Parquet Column Encryption in Presto
There are two Parquet writing code paths in current Presto repository native writer and legacy writer. The legacy writer relies on parquet-mr repository, which already has the implementation of Parquet modular encryption. As a result, Presto legacy writer already supports Parquet encryption in the newest release. The work to support native writer Parquet encryption is in progress.
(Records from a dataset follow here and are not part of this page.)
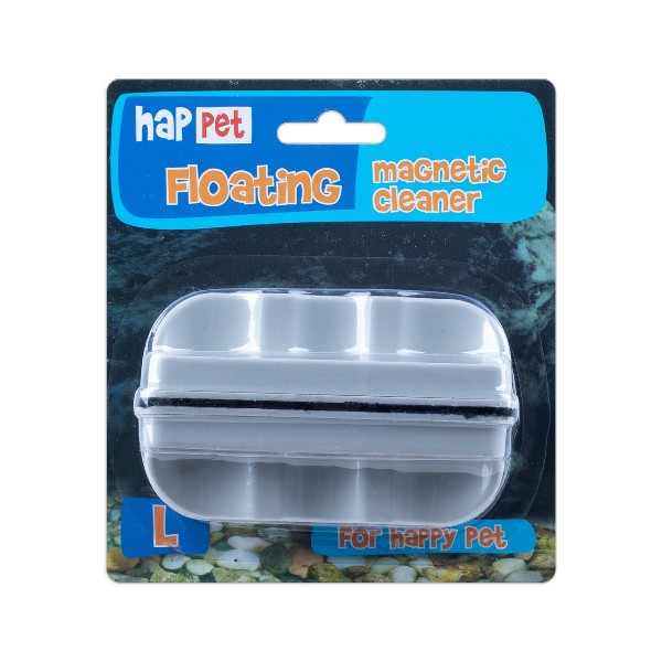 Magnetas skirtas valyti akvariumo stiklus. Pusėms atsikabinus magnetas išplaukia į paviršių. Valymo paviršius 11x5cm dydžio, L dydis. Valymas atliekamas šiurkštesne puse iš akvariumo vidaus, švelnesne iš išorės. Gamintojas: HapPet, Lenkija.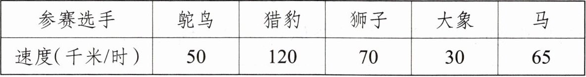 3. 动物城要举办赛跑活动。下面是几位参赛选手的奔跑速度的统计表。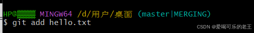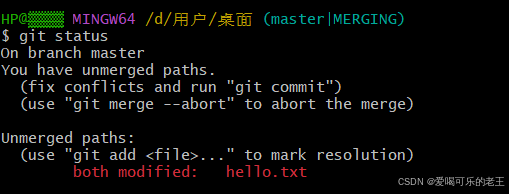 注意:此时使用 git commit 命令时不能带文件名。因为我们解决冲突,可能存在于多个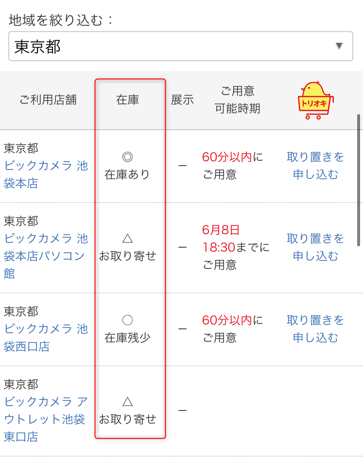 ビックカメラの店舗在庫の確認方法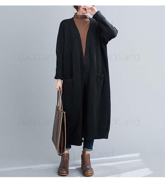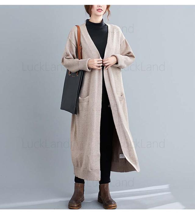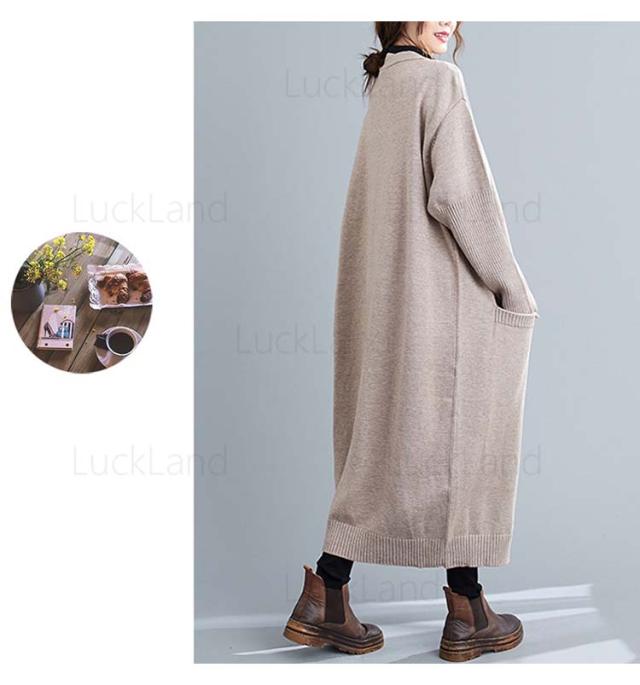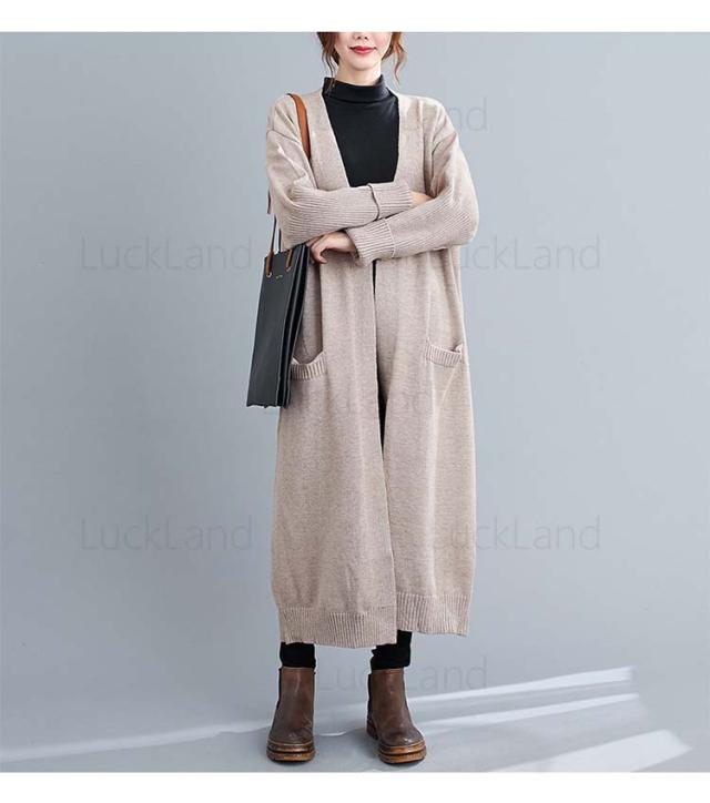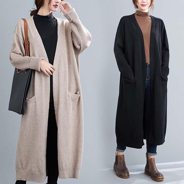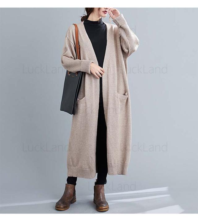 レディース カーディガン 秋冬 膝丈 ショール ロングニット コート ニットカーディガン レディース アウター ストール セーター Vネック ロングニット アウター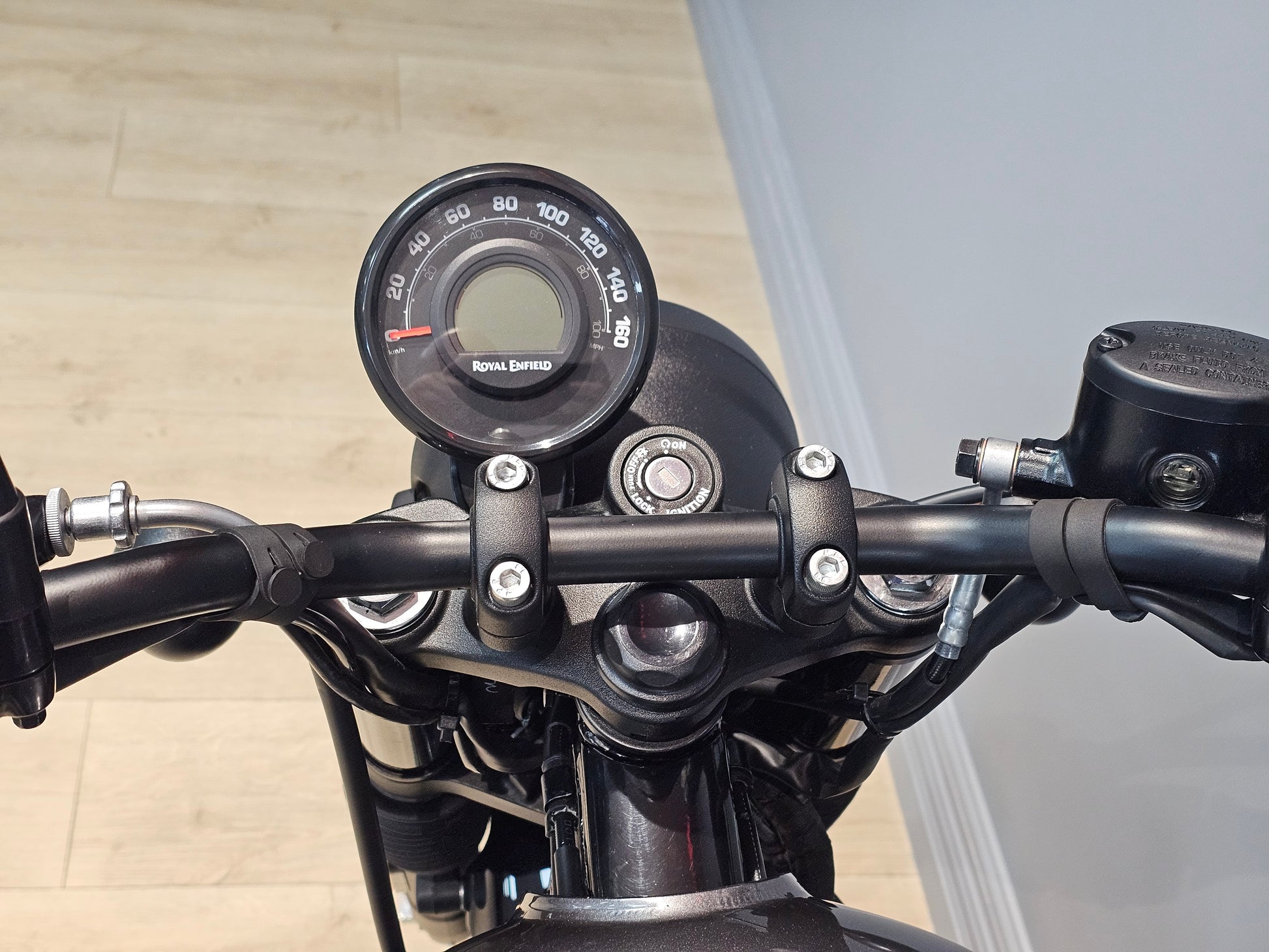 A shoutout to the analogue era but perfectly in sync for modern-day riding, the Hunter features a retro-style speedometer along with a digital LCD screen that tells you everything you need to know and is compatible with the Royal Enfield Tripper Navigation System that can be purchased as an optional extra.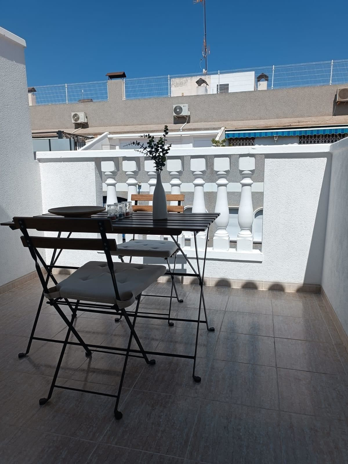 Den generösa terrassen i österläge blir en naturlig plats för frukost i solen eller avkoppling under varma kvällar. Tack vare det höga läget flödar ljuset in i hela bostaden och skapar en inbjudande atmosfär. Luftkonditionering med både kyla och värme säkerställer behagligt inomhusklimat året om, och de inbyggda garderoberna i sovrummen erbjuder smart förvaring.

Parquet reader was rewritten in Presto, which requires the decryption code in parquet-mr need to be ported in Presto. The code change PR-17791 was merged into Presto repository and it has been released with version Presto-0.274.
One example about the Parquet encryption and decryption in Presto is described in the diagram below. In this example, there are only 2 columns ('c1', 'c2'). 'C2' is defined as a sensitive column while 'c1' is not. After the Parquet™ encryption, 'c2' is encrypted before being sent to storage, which could be HDFS or cloud storage like S3, GCS, Azure Blob, etc. On the reading path, the crypto metadata is stored in each file (format) and the Parquet™ library uses that to determine what key to be retrieved to decrypt the data. The KMS client is wrapped up with the same plugin.
Performance
Parquet modular encryption has been benchmarked at white box level and discussed in this blog Test Driving Parquet Encryption, and at end-end level by the Uber blog One Stone, Three Birds: Finer-Grained Encryption @ Apache Parquet. Overall, we see minimum increase - write overhead is 5.7% and the read overhead is 3.7%.
There overhead is mainly from two places: encryption and key retrieval time. Given Presto use the same parquet-mr code for these two places, it is not expected difference between Parquet-mr and Presto for encryption and decryption. After deployment, we didn’t see the interactive queries through Presto have visually any difference for the encrypted tables.
Interoperability
It is worth to mention that, the reader and writer doesn’t need to be all Presto application. The encrypted data by any application that follows the Parquet modular encryption standard can be decrypted by Presto Parquet application. On the other hand, the encrypted data by Presto can be decrypted by any other Parquet application that follow the Parquet modular encryption standard.